Lee (No 2) [2014] HCA
Issue: Would it prejudice the accused’s rights to be compulsorily examined wrt their financial affairs?
Disclosure of info from the Lees’ compulsory examination to Prosecution.
Held: Unauthorised disclosure amounted to a removal of the privilege against self-incrimination and fundamentally altered the position of the trial. [unanimous verdict]
o The wrongful release and possession of the confidential ev was contrary to the legislation’s purpose of protecting the fair trial of accused persons.
AFP v Zhao (Zhao) [2015] HCA
Facts: Jin concerned that if the civil proceedings went ahead he would be XX’d wrt his property and source of his funds, which was directly relevant to his criminal charges. Ie, waive his right to silence.
Issue: Would Jin’s right to a fair trial be prejudiced by having to give ev?
Held: Zhao granted stay of proceedings for recovery of proceeds of crime because if he defended the civil action it he would compromise his defence in a criminal trial.
o Risk of jeopardising fair trial rights / prejudicing his defence in the criminal trial.
Cts will not grant a stay of proceedings merely because related criminal charges are pending.
Screening Weak Cases and Disclosure [1.1.10]
The traditional division between summary offences (those determined summarily by a magistrate) and indictable offences (determined by a jury in a higher court) has faded due to statute redefining and refining the nature of offences and how they can be summarised. Nowadays regulatory offences are more prominent.

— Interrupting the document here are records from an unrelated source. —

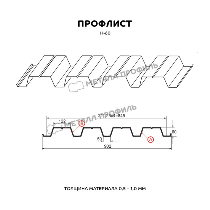 Профлист Металл Профиль Н-60 0,9 Цинк Бесцветный
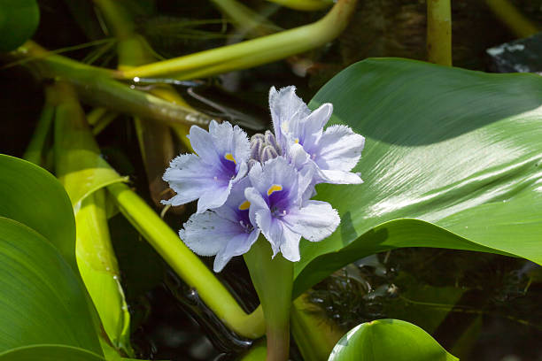 Una planta que crece en una profundidad de entre -10 a -20 cm. Los tallos crecen de la raíz y expanden como brazos bajo la superficie con hojas redondas que salen del agua. Florece en verano con flores azul claro. Muy buena planta para absorber nitratos.
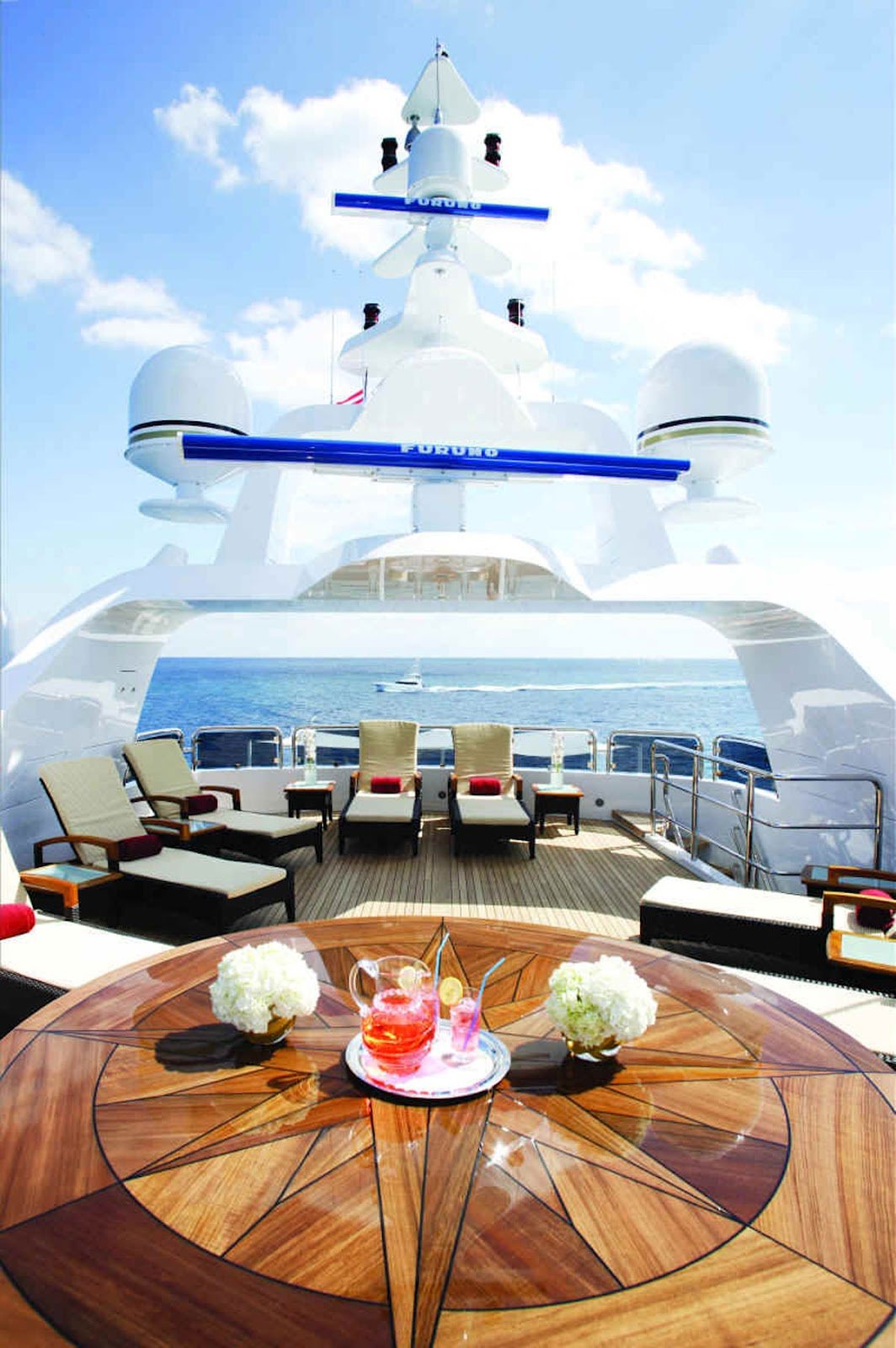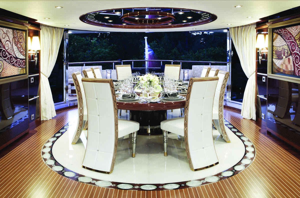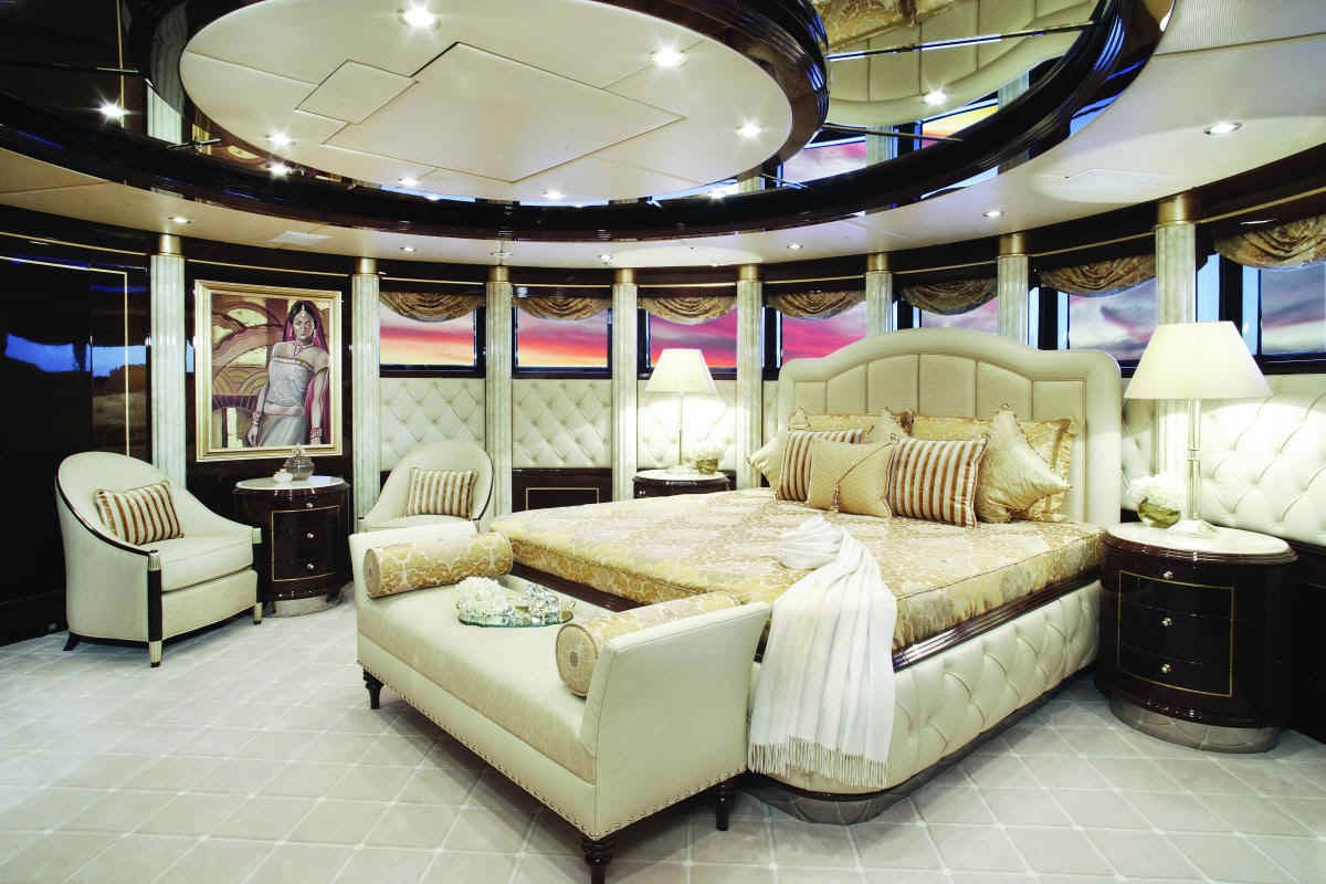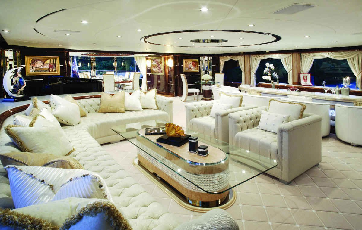 Evan K. Marshall/Usonia V, a London based interior specialist who has already designed several yacht interiors for Mr. and Mrs. Staluppi, was in charge for the interior decor and completely custom furnishings on the yacht. Marshall has used cream and white, quality furnishings, Italian marble, onyx, Madrona burlwood, gold and silver leaf, mother of pearl and Marieux crystal, with great attention paid to every detail to achieve maximum visual impact. If we try to describe her beauty in detail, it would take a couple of hours.
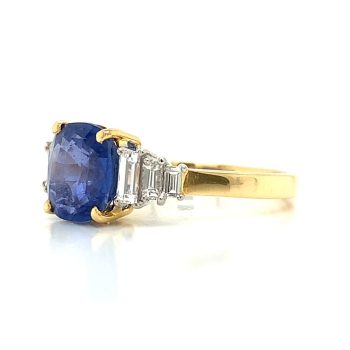 A striking Art Deco inspired ring with a beautiful oval Ceylon Blue Sapphire at its centre in a four claw setting. Each shoulder of this 18 Carat white gold ring is rub over set with three generous princess cut Diamonds.
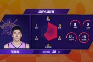 1月24日,常规赛第19轮,北京控股客场88-82战胜北京北汽。北京控股中锋邹雨宸出场32分钟,贡献21分15板,成为本赛季第一位打出20分+15板的国内球员。此外,邹雨宸本场比赛送出2次盖帽,个人生涯总盖帽数来到452次,跻身历史盖帽榜第15位。
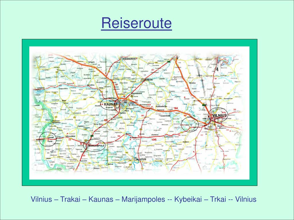 Reiseroute Vilnius – Trakai – Kaunas – Marijampoles -- Kybeikai – Trkai -- Vilnius
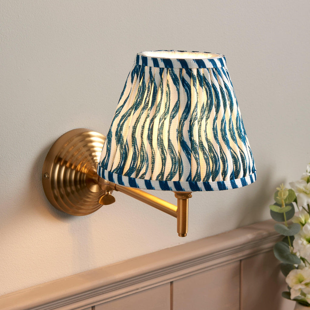 Obelisk Fold Brass Wall Light & Ripple 16cm Marlin Blue Shade
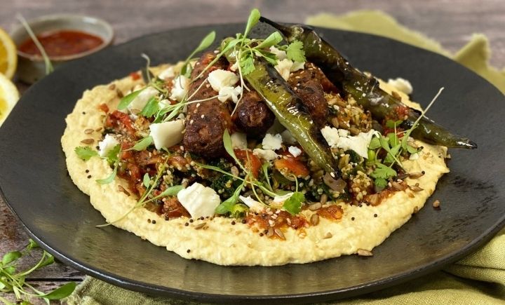 Vegan kofta kebabs, crumbled vegan cheese, semi-dried tomatoes and mixed grain salad on a bed of thick harissa hummus.

In addition to the court process acting as a way of screening a case to determine its strength prior to trial, the DPP undertake a similar task, with guidelines stating that a prosecution should not proceed if there is no reasonable prospects of a conviction (CDPP Prosecution Policy (2009) [2.5], see also ODPP Prosecution Guidelines (2007) s 4).
Regulatory Offences
Pro-prosecution (eg absolute liability); bureaucratic transaction encouraged
Regulatory offences are those where the mens rea standard is one of strict or absolute liability.
• Eg, driving /parking infringements, fishing without a recreational license, taking a plant from national park.
The process of determining regulatory offences is more like a bureaucratic (or consumer) transaction than traditional, court-based adjudication.